Fail Sadretdinov was found guilty of fraudulently registering an apartment deal in 2002. Investigators said Sadretdinov used a forged will to take possession of an apartment in Moscow.
Sadretdinov denied any wrongdoing and said he was incriminated on fabricated evidence. He said he intends to contest the verdict within 10 days.
"We expected a verdict like this. All this is a hideous fabrication," defense attorney Ruslan Kolev said.
On May 5, 2006, a jury cleared Sadretdinov along with two other defendants - Chechens Kazbek Dukuzov and Musa Vakhayev - of Klebnikov's 2004 killing, but the Supreme Court overturned the acquittal in November and ordered repeat hearings for February 15 of this year.

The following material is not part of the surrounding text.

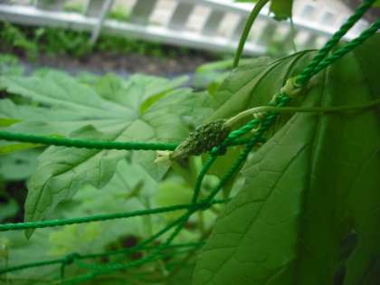4年生が育てているゴーヤにかわいい実がついています。

Klebnikov had worked for Forbes since 1989 and gained a reputation for investigating murky post-Soviet business dealings and corruption. He became the first editor of Forbes Russia when it was launched in April 2004. He was shot dead on a Moscow street three months into the job.

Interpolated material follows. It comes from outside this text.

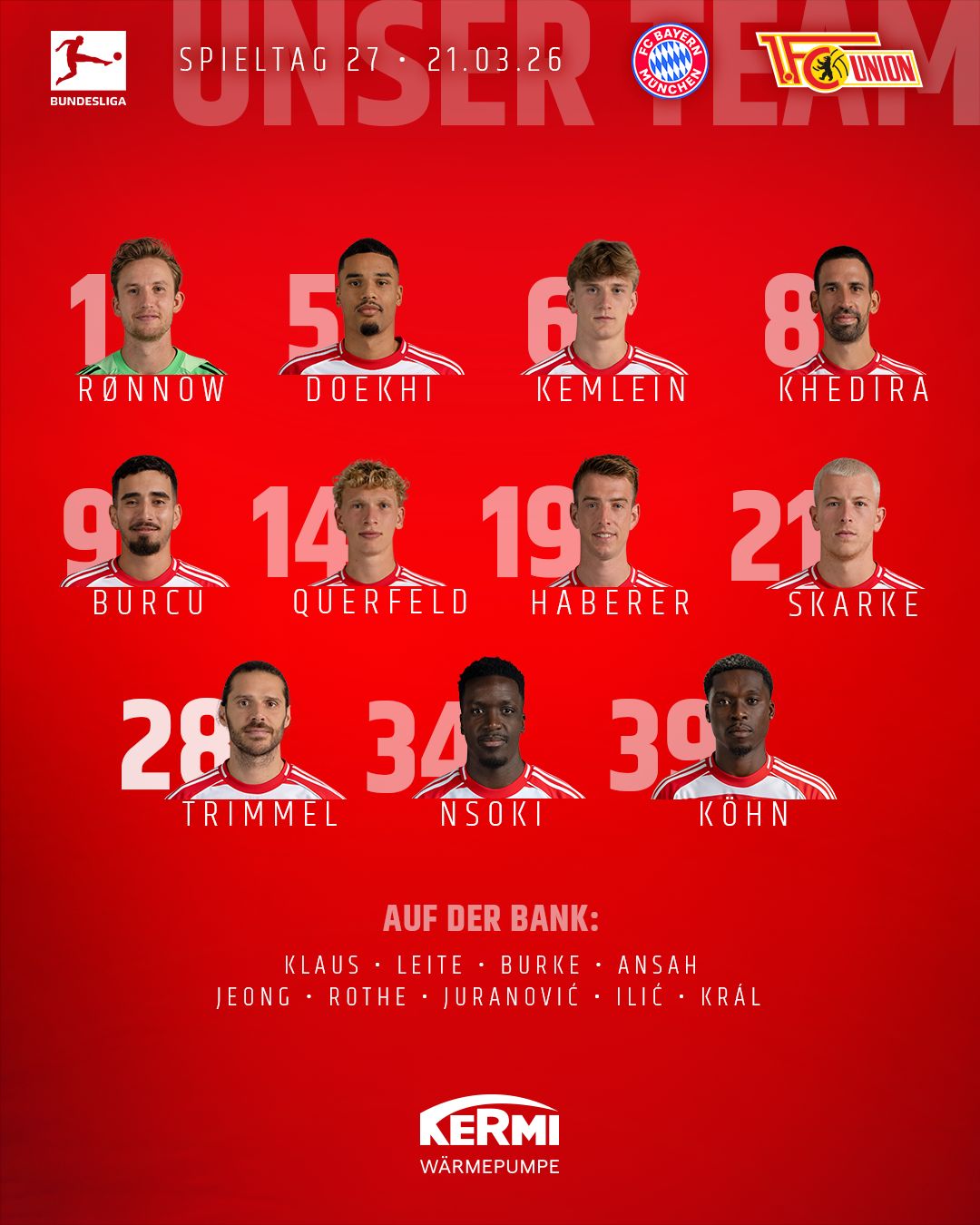Unser Coach Steffen Baumgart hat für den Auftritt in München wieder die Nummer eins zwischen den Pfosten am Start: Freddy kehrt zurück, nachdem ihn in Freiburg der bärenstarke Matheo vertreten hatte. Außerdem mischt Leo nach abgesessener Gelbsperre wieder mit und Youngster Joschi rückt ebenfalls in die Startelf – dafür nehmen Andrej und Ily erst einmal auf der Bank Platz. - 14:20

After the Supreme Court quashed the non-guilty verdicts, Sadretdinov made an unsuccessful suicide attempt in December.
Koblev said at the time that his client, driven "by despair and violations of his rights in the court system," had tried to hang himself in a cell of the Butyrsky detention center, where he had been held for more than a year, but that fellow inmates prevented him from doing so.